Scope and Content Note
The papers of Gilbert Avery Harrison (1915-2008) span the years 1902-1978, with the bulk concentrated in 1960-1965. The collection consists of correspondence, newspaper clippings, pamphlets, and articles and is organized in Correspondence and Subject File series relating principally to Harrison’s positions as editor and publisher of the New Republic and president of Liveright Publishing Company.
The collection contains few personal letters concerning Harrison’s youth. However his membership in various groups, including the American Veterans Committee and the Office for Civilian Defense, sheds light on his early development. A file on the American Veterans Committee includes correspondence, financial statements, pamphlets, and newspaper clippings. Through his association with the Office for Civilian Defense, Harrison came to know Eleanor Roosevelt, as reflected in letters from her during World War II and well into the 1950s.
The collection includes correspondence from such notable political figures as Hubert Humphrey, Edward Moore Kennedy, Frank Church, Jimmy Carter, and Morris Udall, who thank Harrison for his advice and contributions. There are also many letters and political literature from Adlai E. Stevenson (1900-1965) during his presidential campaigns, as well as correspondence with Senator John F. Kennedy concerning Algeria and a perceived missile gap between the United States and the Soviet Union leading up to the presidential election of 1960. Harrison’s views on disarmament and social issues often emerge in his papers.
Files for the New Republic and Liveright Publishing Company include correspondence with authors, details of the sale of the New Republic to Martin Peretz, clippings, pamphlets, and annual reports. Also included is a manuscript by Francis Hackett entitled “American Rainbow” and background material and reviews for Gertrude Stein’s America, edited by Harrison in 1965. Some literary figures among Harrison’s correspondents are Saul Bellow, William Saroyan, Lillian Hellman, and Irving Howe.
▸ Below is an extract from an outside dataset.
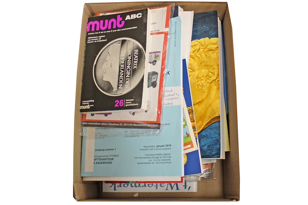 Doos met restantlot numismatisch “leesvoer”, o.a. catalogi en tijdschriften.
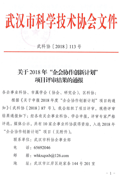 关于2018年“企会协作创新计划”项目评审结果的通报

Material from Walter Lippmann, who once served as an editor at the New Republic, consists mainly of articles and clippings, with some correspondence.
The papers of Nancy Blaine Harrison, wife of Gilbert Harrison, are also contained within the collection. Personal correspondence, clippings, and printed material detail her position as a union organizer in North Carolina during the 1940s and her role as an official in the inaugural ceremonies for John Kennedy in 1961.
Other persons and topics represented in the collection include Dean Acheson, Joseph Alsop, American Civil Liberties Union, Roger N. Baldwin, Anita McCormick Blaine, Malcolm Cowley, Felix Frankfurter, J. William Fulbright, John Kenneth Galbraith, Ernest Gruening, Lyndon B. Johnson, Anthony Lewis, Bertrand Russell, Arthur M. Schlesinger (1917-2007), and Gertrude Stein.